== AIM OF THE EXERCISE ==
Without including the pictures, copy each line below exactly as it reads.

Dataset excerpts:
┄┄┄┄┄┄┄┄┄┄┄┄┄┄┄┄┄┄┄┄
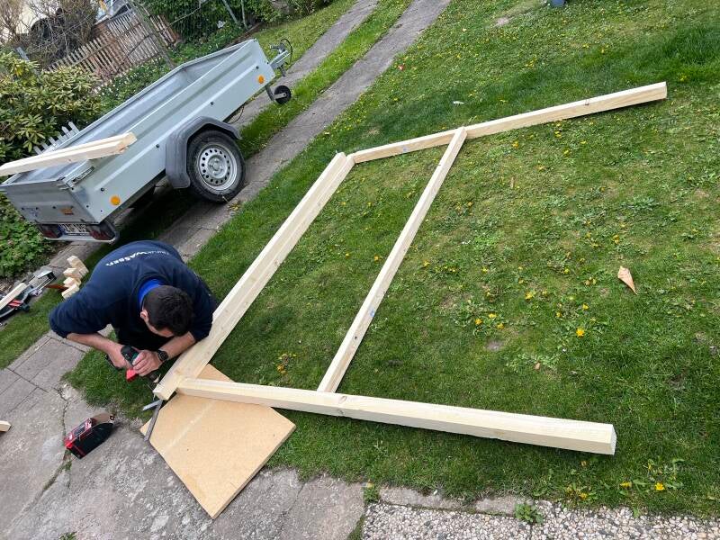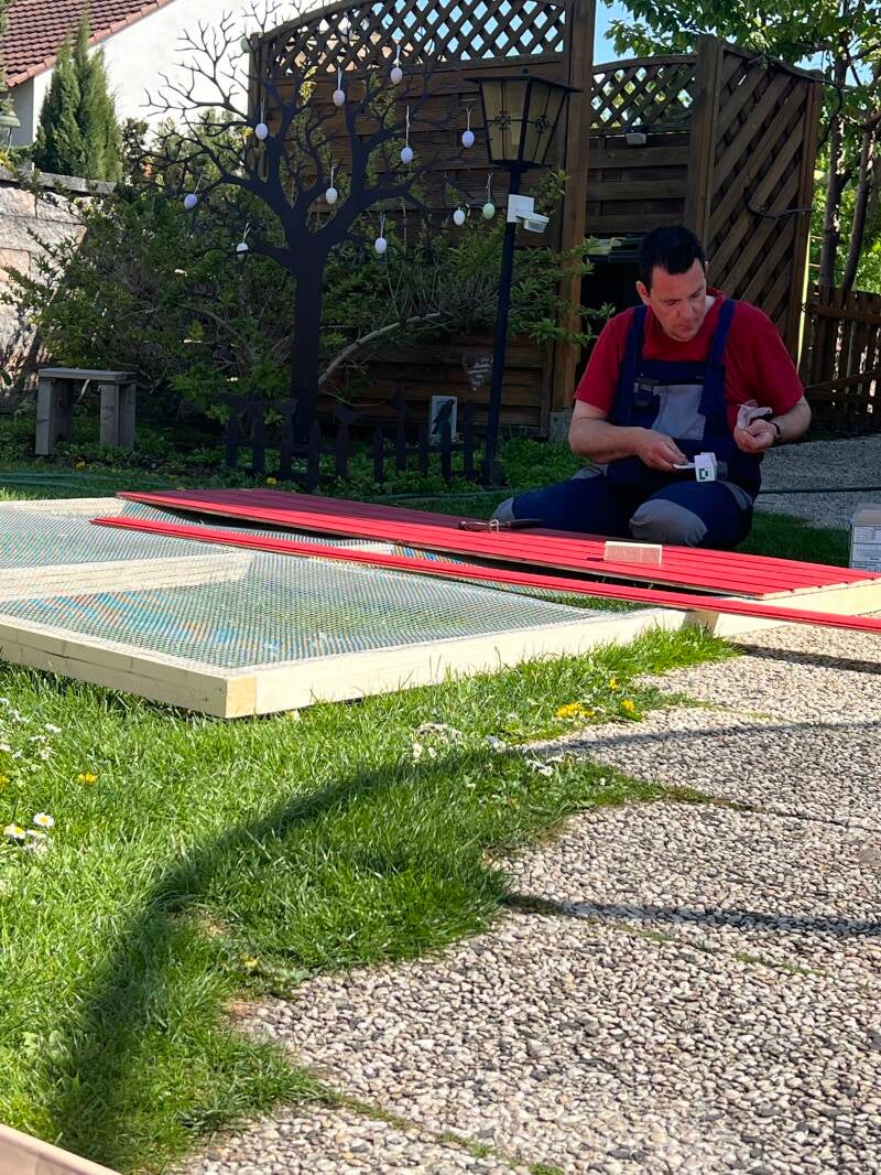 ... das Dach wird montiert und die Seiten werden mit den restlichen Holzpaneelen geschlossen.
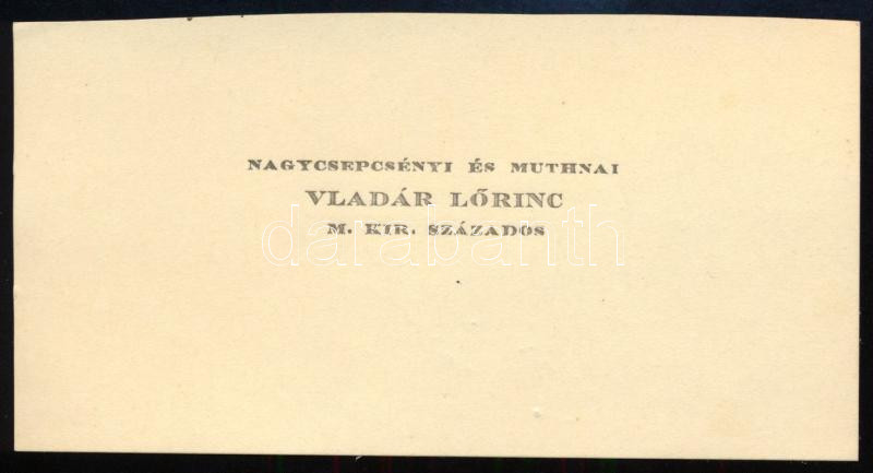 cca 1940-1944 nagycsepcsényi és muthnai Vladár Lőrinc m. kir. százados névjegykártyája, 6x11 cm
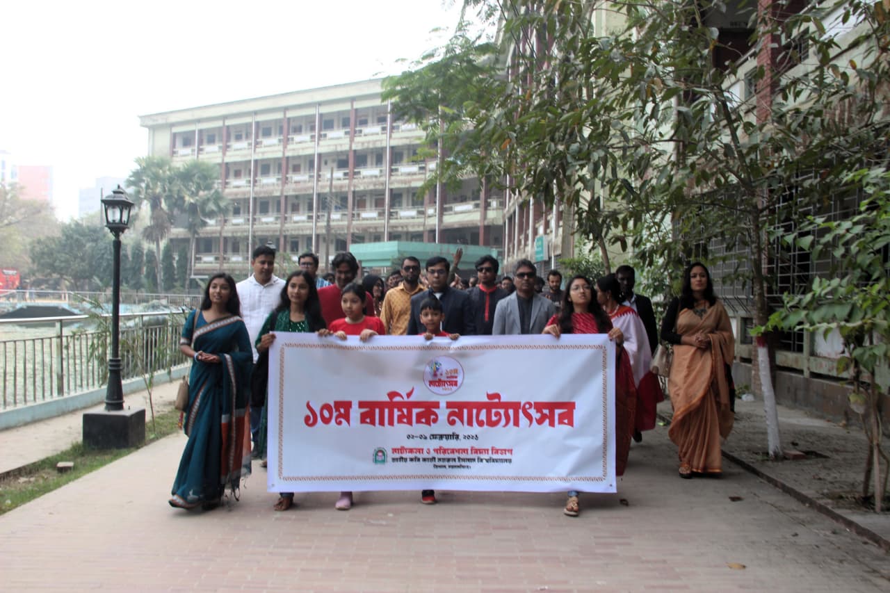 নাট্যোৎসব উপলক্ষে এদিন দুপুরে একটি বর্ণাঢ্য শোভাযাত্রা বের করা হয়। শোভাযাত্রাটি বিশ্ববিদ্যালয়ের নতুন কলা ভবন থেকে শুরু হয়ে ক্যাম্পাসের প্রধান প্রধান সড়ক প্রদক্ষিণ করে পুরোনো কলা ভবনে এসে শেষ হয়।
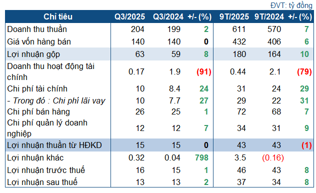 In Q3/2025, AGP recorded net revenue of nearly VND 204 billion, a slight increase of 2.4% year-on-year. Cost of goods sold remained relatively stable, driving an 8% rise in gross profit to over VND 63 billion.
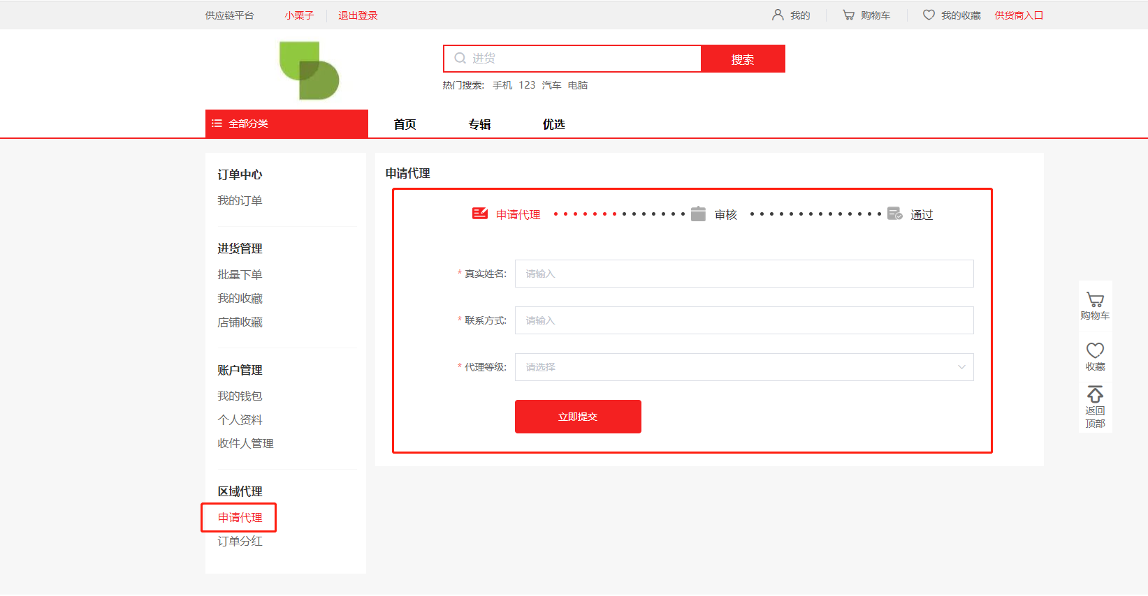 1)申请代理:点击“申请代理”,填写姓名,联系方式,选择代理等级,然后点击“立即提交”,可以提交成为区域代理的申请,等待后台审核;
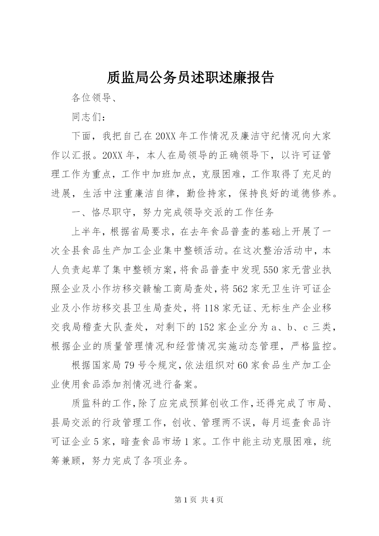 第PAGE\*Arabic\*MERGEFORMAT4页共NUMPAGES\*MERGEFORMAT4页质监局公务员述职述廉报告各位领导、同志们:下面,我把自己在20XX年工作情况及廉洁守纪情况向大家作以汇报。20XX年,本人在局领导的正确领导下,以许可证管理工作为重点,工作中加班加点,克服困难,工作取得了充足的进展,生活中注重廉洁自律,勤俭持家,保持良好的道德修养。一、恪尽职守,努力完成领导交派的工作任务上半年,根据省局要求,在去年食品普查的基础上开展了一次全县食品生产加工企业集中整顿活动。
┄┄┄┄┄┄┄┄┄┄┄┄┄┄┄┄┄┄┄┄
== FINISHED TASK ==
 ... das Dach wird montiert und die Seiten werden mit den restlichen Holzpaneelen geschlossen.
 cca 1940-1944 nagycsepcsényi és muthnai Vladár Lőrinc m. kir. százados névjegykártyája, 6x11 cm
 নাট্যোৎসব উপলক্ষে এদিন দুপুরে একটি বর্ণাঢ্য শোভাযাত্রা বের করা হয়। শোভাযাত্রাটি বিশ্ববিদ্যালয়ের নতুন কলা ভবন থেকে শুরু হয়ে ক্যাম্পাসের প্রধান প্রধান সড়ক প্রদক্ষিণ করে পুরোনো কলা ভবনে এসে শেষ হয়।
 In Q3/2025, AGP recorded net revenue of nearly VND 204 billion, a slight increase of 2.4% year-on-year. Cost of goods sold remained relatively stable, driving an 8% rise in gross profit to over VND 63 billion.
 1)申请代理:点击“申请代理”,填写姓名,联系方式,选择代理等级,然后点击“立即提交”,可以提交成为区域代理的申请,等待后台审核;
 第PAGE\*Arabic\*MERGEFORMAT4页共NUMPAGES\*MERGEFORMAT4页质监局公务员述职述廉报告各位领导、同志们:下面,我把自己在20XX年工作情况及廉洁守纪情况向大家作以汇报。20XX年,本人在局领导的正确领导下,以许可证管理工作为重点,工作中加班加点,克服困难,工作取得了充足的进展,生活中注重廉洁自律,勤俭持家,保持良好的道德修养。一、恪尽职守,努力完成领导交派的工作任务上半年,根据省局要求,在去年食品普查的基础上开展了一次全县食品生产加工企业集中整顿活动。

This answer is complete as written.